1.呪われた少年の話
屍は語らない。
死者に語る口はないから。
だけど生者は『嘘』を語る。
彼らの口が減ることはないから。
――リウル・クォーツレイという『勇者』がいた。
数年前まで生きていた、本物の英雄。
歴代最強の男。
その功績は、おそらく後世まで語り継がれるであろう。
真実を隠し、嘘に塗れた御伽噺。
吟遊詩人たちは唄う。
誰も知らないことがある。
それはまだ幼い、少年の“願い”だった。
知らなければ良いことだってある。
知ることがすべて正しいことじゃない。
――小さき魔術師は、だから語らない。
嘘に塗れていようが、嘘を積み重ねようが。
その『嘘』で誰かが傷ついたとしても、その『嘘』で大切な人たちが守れるのなら。
――――リウル・クォーツレイには、『弟』がいる。
おそらく勇者リウルも知らぬ、同じ両親から出来た、同じ血が流れている実弟。
しかしその『弟』の名前もまた、“リウル・クォーツレイ”という。
二人のリウル・クォーツレイ。
一人は勇者であり、偽りの英雄。
なら――もう一人は……?
「“リュウレイ”って呼んでもいい?」
小さき魔術師の部屋に勝手に入ってきた少女は、これもまた勝手にあだ名をつけてきた。
いや、きっと彼女は察していたのだろう。
少年が――リュウレイが、本当は己の名前を忌み嫌っていたことを。
だから純粋に嬉しくて。
本当に、心底、嬉しくて。
でも素直にはなれなくて。
「勝手にすれば?」と突き放すように返せば、何故か彼女まで嬉しそうに笑うから。
勇者リウル・クォーツレイの実弟にして自称「天才魔術師」。
そして――“人工勇者計画”の要である、弱冠10歳の、まだ幼い少年。
語られることのない、少年の『真実』。
――今ここに語ろう。
少年にかけられた“名前”という呪いが、どうして今もなお彼を蝕んでいるのか。
これは、呪いをかけられた少年の話である。
****
――キノコが嫌いだ。
あの独特な食感と、臭みのある味がどうしても好きになれないから。
――外で遊ぶのが嫌いだ。
昔から体力がないのもあるけど、泥がつくのも疲れるのも、あまり好きになれないし。
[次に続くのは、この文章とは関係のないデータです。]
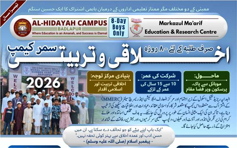 انہی حالات کے پیشِ نظر مرکز المعارف ایجوکیشن اینڈ ریسرچ سینٹر، ممبئی کے تعاون سے الہدایہ اسکول، بدلاپور میں ایک آٹھ “اخلاقی و تربیتی سمر کیمپ” کا انعقاد کیا جا رہا ہے۔ یہ کیمپ 26 اپریل تا 3 مئی 2026 تک جاری رہے گا، جس میں خصوصی طور پر طلبہ کی ہمہ جہت تربیت کو پیشِ نظر رکھا گیا ہے۔ کیمپ کے ذمہ دار مفتی جسیم الدین قاسمی کے مطابق اس کیمپ کا بنیادی مقصد بچوں کو چند دنوں کیلئے موبائل اور غیر ضروری اسکرین سے دور رکھ کر ایک ایسے اسلامی اور دوستانہ ماحول میں لانا ہے جہاں وہ نہ صرف سیر و تفریح سے لطف اندوز ہوں بلکہ اپنی عملی زندگی کیلئے ضروری اخلاقی اقدار بھی سیکھ سکیں۔ کیمپ میں چوبیس گھنٹے کا منظم شیڈول ترتیب دیا گیا ہے، جس کی نگرانی ماہر علماء و اساتذہ کریں گے۔ اس کیمپ کے سرپرست مولانا برہان الدین قاسمی نے بتلایا کہ اس کیمپ کی نمایاں خصوصیات میں: اسلامی تعلیمات اور سنتِ نبویؐ کی عملی تربیت، روزمرہ زندگی میں کارآمد سنتوں کی مشق، ذہنی و جسمانی نشوونما کیلئے کھیل اور مسابقات، گروہی سرگرمیاں، تقریری مقابلے اور عملی تربیتی نشستیں، فطری ماحول میں سیر و تفریح اور ٹیم ورک کی مشق۔جیسی دیگر سرگرمیاں بھی شامل ہیں۔ کیمپ کے منتظم مفتی نثار احمد قاسمی کا کہنا ہے کہ یہ کیمپ بچوں کی شخصیت میں توازن، نظم و ضبط اور مثبت طرزِ فکر پیدا کرنے میں معاون ثابت ہوگا، اور والدین کیلئے ایک اطمینان بخش متبادل فراہم کرے گا۔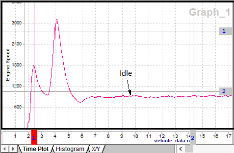 The Data Analysis plotter graphs channels (or signals) found in data files. The plotter has many features giving it the flexibility to fit your needs. To graph a channel simply select a data file and a channel in the Tool Dialog. The channel can also be dragged and dropped from the Tool Dialog into the plotter. The x and y axes will automatically adjust to fit the data. In Figure 1 the two vertical lines numbered 1 and 2 are adjustable time cursors. Time cursors can help pinpoint data, assist with zoom control, and analyze channel statistics. A time cursor is activated using keyboard hotkeys 1 or 2 or by clicking on its handle with the tip of the mouse cursor. An active cursor will turn red and can be moved by double clicking on the plot or using drag and drop on its handle. The Messages view will synchronize in time with the current location of the active cursor. ICS licensed 3G hardware (FIRE, Red, Yellow, VCAN3) must be connected for the time synchronization feature to work.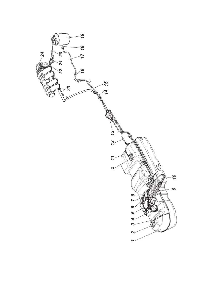 9, 16, 18, 20 — vapor diversion hoses; 10 — fuel tank ll pipe; 13 — ne fuel lter;

何より家で本を読む方が楽しい。
――母が嫌いだ。
キノコ食べて吐いたときも、家でずっと本を読んでても、あの人は目を吊り上がらせて怒るから。
「なんでキノコが食べられないの!?“リウル”はキノコが好きだったでしょ!?」「なんで外に行かないの! 本なんて“リウル”は読まないわ!」「どうして言うことが聞けないの!?“リウル”は聞き分けの良い子だったでしょ!?」
キンキンと耳鳴りがする。母の癇癪声は頭が痛くなる。だけど母にほっぺを叩かれると、もっと痛い。
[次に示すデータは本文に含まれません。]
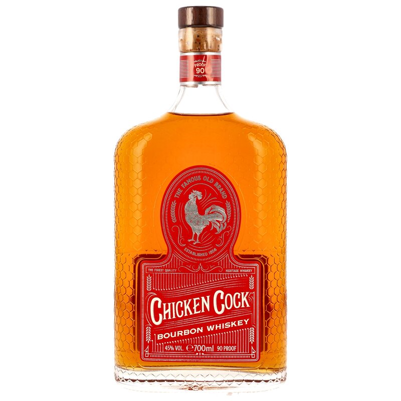 Besonderheiten: Der Chicken Cock Bourbon Whiskey blickt auf eine lange Geschichte zurück, die bis ins Jahr 1856 reicht, als er in Paris, Kentucky, gegründet wurde. Während der Prohibitionszeit erlangte er Kultstatus und wurde heimlich in Dosen serviert, um den Gästen von Speakeasies weiterhin hochwertigen Bourbon anbieten zu können. Heute wird er in Bardstown, Kentucky, destilliert, gereift und abgefüllt.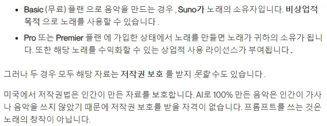 생성형 AI를 사용하기 전 학생들에게 저작권 관련 주의사항을 안내하였습니다. 아래 그림은 Suno 저작권 관련 일부 내용입니다.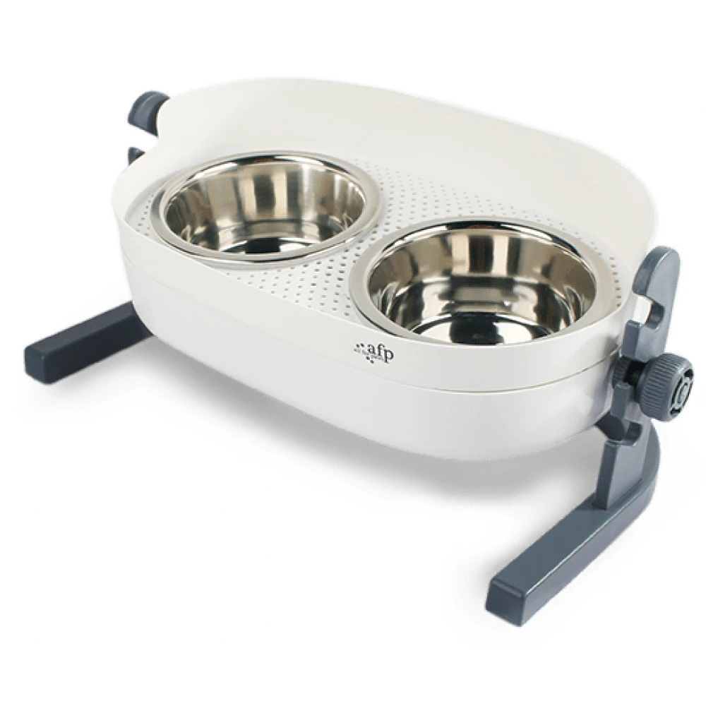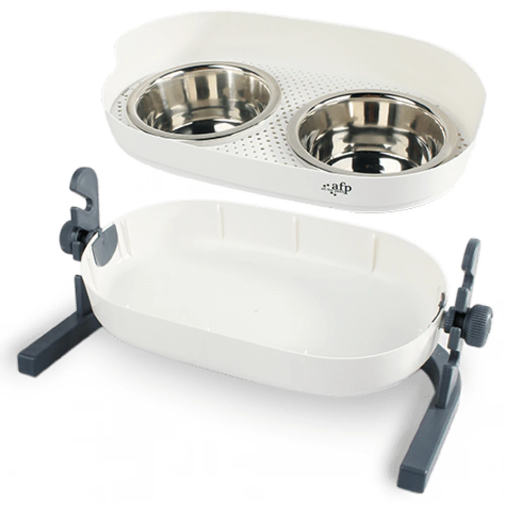 Μπολ Σκύλου 3 σε 1 Double Dinner Afp M 2x350ml. Ανθεκτική διπλή ταΐστρα. Η τροφή παραμένει στην κορυφή και το νερό στο κάτω μέρος. Δίνει στο κατοικίδιό σας ψηλή θέση σίτισης το οποίο βοηθάει στην πέψη και τις αρθρώσεις. Μπορείτε να προσαρμόσετε επίσης τη γωνία του μπολ ώστε να ταιριάζει καλύτερα στις ειδικές ανάγκες των κατοικίδιων. Είναι εύκολο να συναρμολογηθεί και να καθαριστεί. Διπλώματα ευρεσιτεχνίας που εκκρεμούν.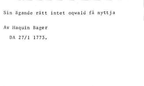 Sin ägande rätt intet oqwald få nyttja //// Av Haquin Bager DA 27/1 1773.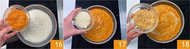 Cuando el arroz esté casi listo, añade la crema de pimientos 16, completa la cocción y, con el fuego apagado, remueve con el Parmigiano Reggiano 17 y añade el granillo de cacahuetes 18.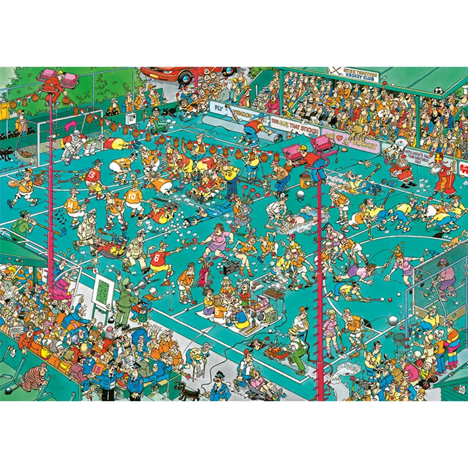 - Op deze Jan van Haasteren puzzel is een afbeelding te zien van de hockey kampioenschappen.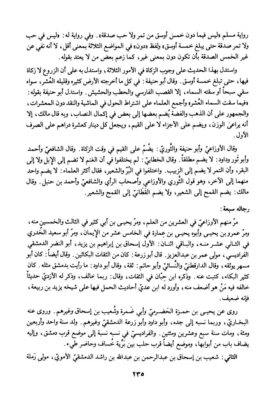 مرّ منهم الأوزاعيّ في العشرين من العلم، ومرّ يحيى بن أبي كثير في الثالث والخمسين منه، ومرَّ عمرو بن يحيى وأبوه يحيى بن عِمارة في الخامس عشر من الإيمان، ومرَّ أبو سعيد الخُدري في الثاني عشر منه، والباقي اثنان: الأول إسحاق بن إبراهيم بن يزيد، أبو النضر الدمشقي الفراديسي، مولى عمر بن عبد العزيز. قال أبو زرعة: كان من الثقات البكائين. وقال أيضًا: كان أبو مسهر يوثقه، وقال الدارقطنيّ والنَّسائيّ وأبو حاتم: ثقة، وقال أبو داود: ما رأيت بدمشق مثله. كان كثير البكاء، كتبت عنه. وذكره ابن حِبّان في الثقات، وقال: ربما خالف، وذكر له الأزديّ حديثًا خالفه فيه مَنْ هو أضعف منه، وأورد له ابن عديّ أحاديث العمل فيها على شيخه يزيد بن ربيعة، فإنه ضعيف.
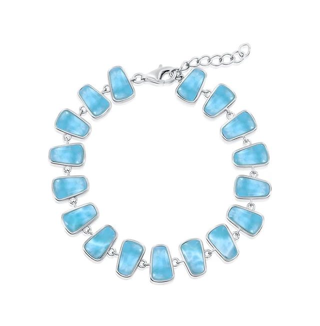 Sterling Silver Large Hexagon & Small Multi-Shaped Larimar Necklace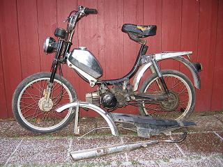 En moped som var oskruvad och komplett. Var finner man en sådan jo i Norrland. Efter att sett en lämplig på blocket slog jag till på en annons som endast varit inne två timmar. Mopeden fraktades ner med Post åkeriet och det var som omväxling bara att köra. Ska försöka att bara putsa upp den.

「なんで!」「どうして!」「“リウル”なんだから」「それはダメよ!」「それもダメ」「言うこと聞きなさい!」「悪い子!」「“リウル”はそんなことしないわ!」
耳も痛い。
頬も痛い。
胸も痛い。
痛い、痛い、と声を上げると、また怒られる。
「どうして出来ないの!?」「“リウル”は泣かない子でしょ!」「いい加減にしなさい!」
それが嫌で嫌で仕方なくて、酒場を経営してる父の元に逃げたことがある。
だけど父はいつも“オレ”を見てくれない。
逃げるように視線を逸らす。
怒鳴られてるときも、叩かれてるときも、この人は助けることもせずに逃げていく。
だから――父も嫌いだ。
「オレ、なんも悪いことしてないん! なんで怒られんの? オレ、そんな悪い子なん……?」
どうしてもツラくて、村長に助けを求めたこともあった。
だっていくら食べてもキノコは不味いし、外で遊ぶと疲れて熱出るし。
痛みと熱と、ひゅうひゅう喉を鳴らせながら縋りついた村長は言った。
「……、我慢なさい」
「え……?」
「我慢しなさい、と言ったんだ。これは仕方ないことなんだ」
「―――、」
何を言われたのかすぐには理解出来なくて、呆然としてたら母が来て腕を掴んで家に連れてかれる。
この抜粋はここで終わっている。